Start of Information supplied
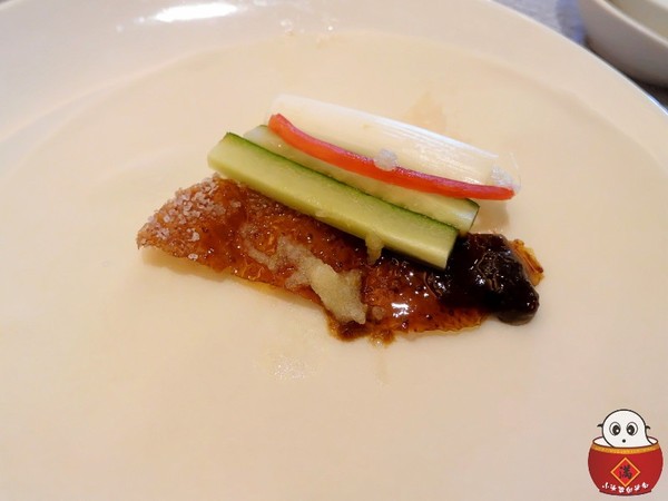入口時,鴨皮那酥脆的口感在嘴裡批哩啪拉地作響~天阿~真的有夠酥的
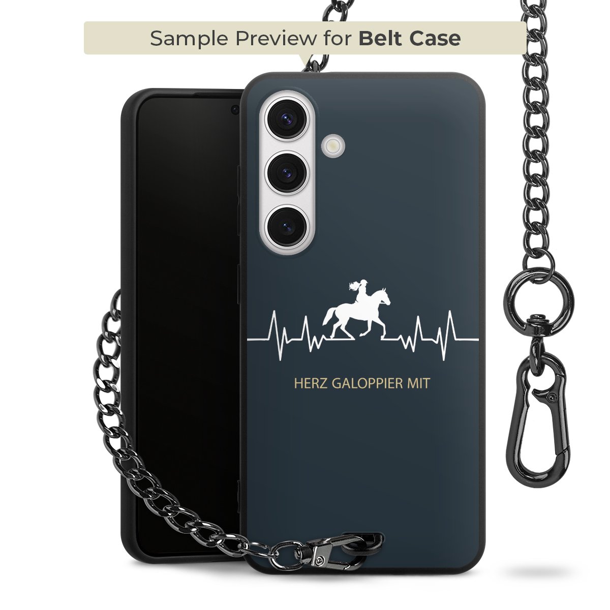 Ob im Alltag, beim Feiern mit Deinen Jungs oder auf Festivals – mit dem superpraktischen Belt Case steckst Du alle Sorgen um Diebstahl und Spider-App ganz entspannt in die Tasche. Es besteht aus einem coolen mattschwarzen Silikon Premium Case, dem Du ein individuelles Design verpassen kannst, und einer daran befestigten Kette in lässiger Gunmetal-Optik. Mit dem Karabiner auf der anderen Seite klickst Du die Kette mit einem Handgriff an Deine Gürtelschlaufe und schon ist Dein Smartphone sicher und stets griffbereit in der Hosentasche verstaut.
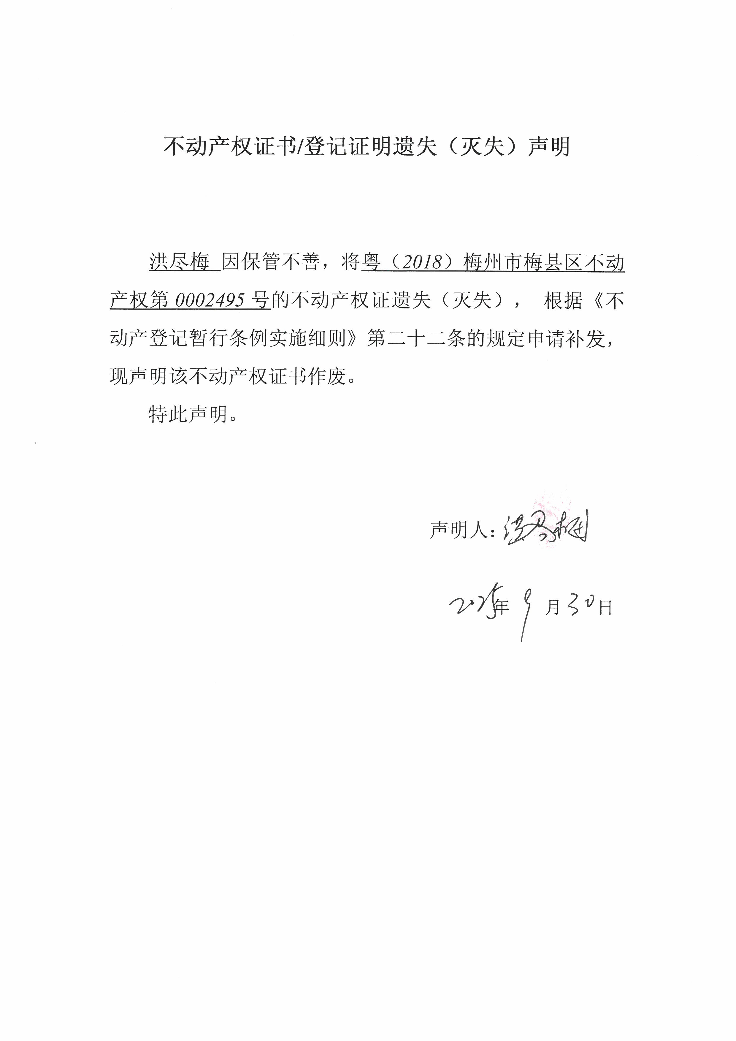 洪尽梅因保管不善,将粤(2018)梅州市梅县区不动产权第0002495号的不动产权证遗失(灭失),根据《不动产登记暂行条例实施细则》第二十二条的规定申请补发,现声明该不动产权证书作废。
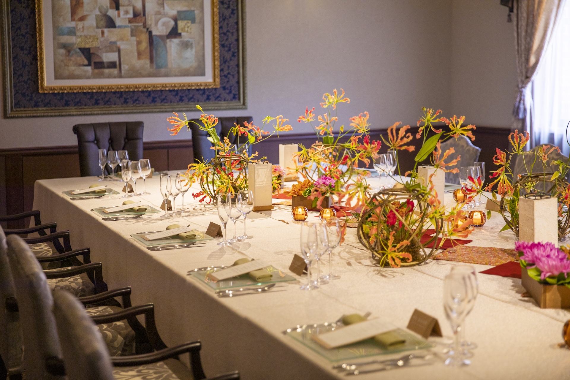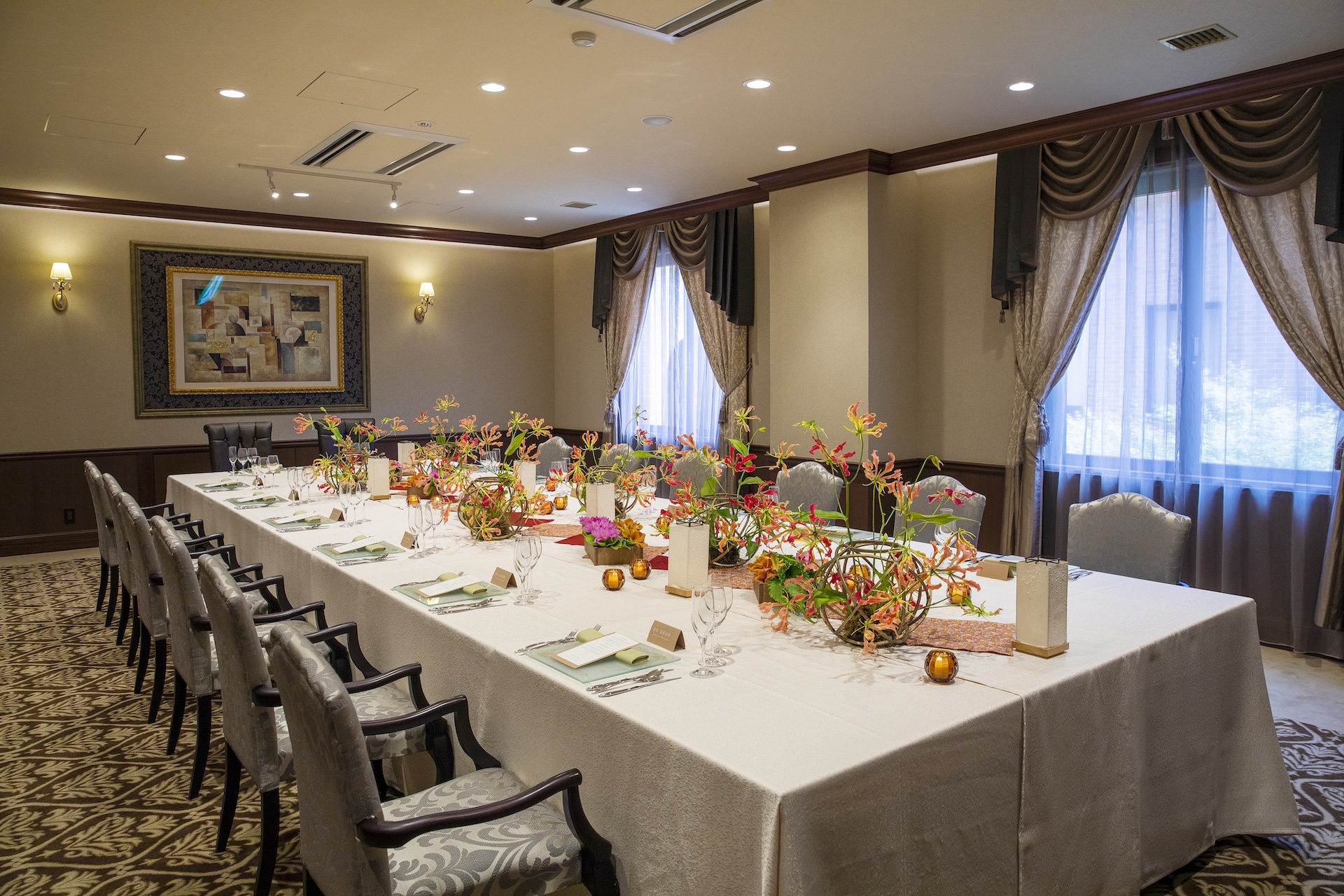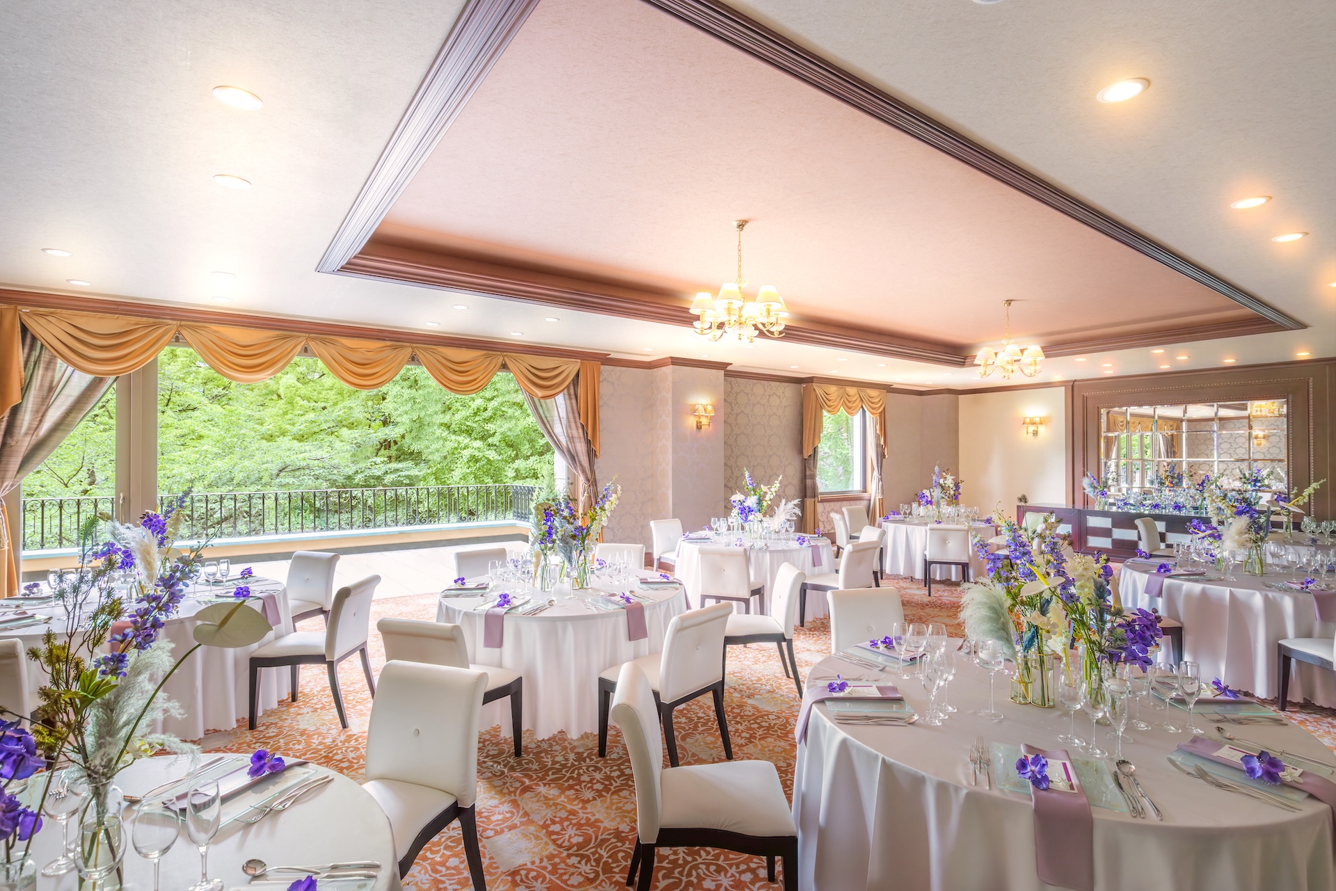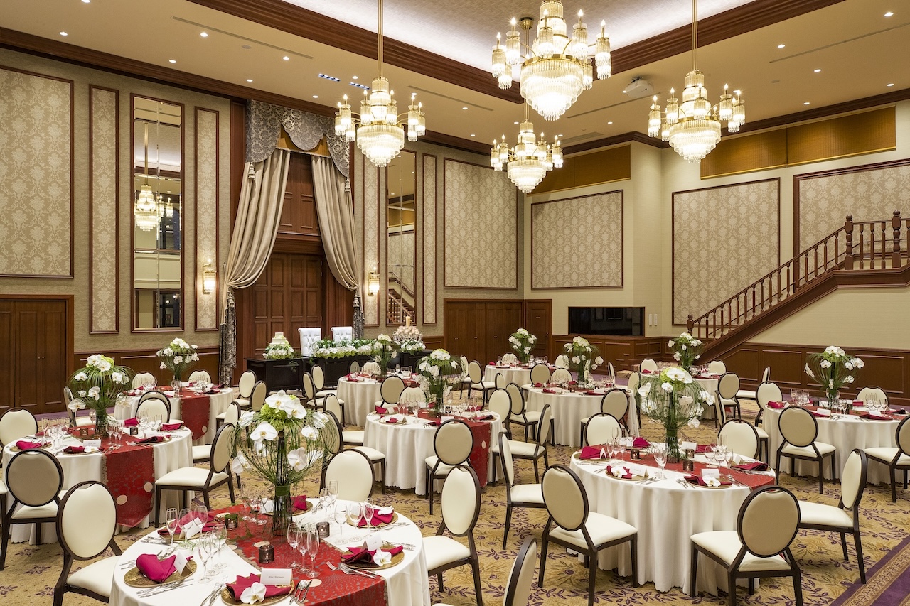 境内にある若宮の杜 迎賓館で、ご親族だけの会食や、来賓友人を招いた大人数のパーティ、やわらかな陽の光が差し込む会場で、移動の負担がなく、ゲストへのおもてなしが叶います。
End of Information supplied
> **Directions for this task**
Every line of the material must be repeated exactly; pictures stay out.

> **Solution for this task**
入口時,鴨皮那酥脆的口感在嘴裡批哩啪拉地作響~天阿~真的有夠酥的
 Ob im Alltag, beim Feiern mit Deinen Jungs oder auf Festivals – mit dem superpraktischen Belt Case steckst Du alle Sorgen um Diebstahl und Spider-App ganz entspannt in die Tasche. Es besteht aus einem coolen mattschwarzen Silikon Premium Case, dem Du ein individuelles Design verpassen kannst, und einer daran befestigten Kette in lässiger Gunmetal-Optik. Mit dem Karabiner auf der anderen Seite klickst Du die Kette mit einem Handgriff an Deine Gürtelschlaufe und schon ist Dein Smartphone sicher und stets griffbereit in der Hosentasche verstaut.
 洪尽梅因保管不善,将粤(2018)梅州市梅县区不动产权第0002495号的不动产权证遗失(灭失),根据《不动产登记暂行条例实施细则》第二十二条的规定申请补发,现声明该不动产权证书作废。
 境内にある若宮の杜 迎賓館で、ご親族だけの会食や、来賓友人を招いた大人数のパーティ、やわらかな陽の光が差し込む会場で、移動の負担がなく、ゲストへのおもてなしが叶います。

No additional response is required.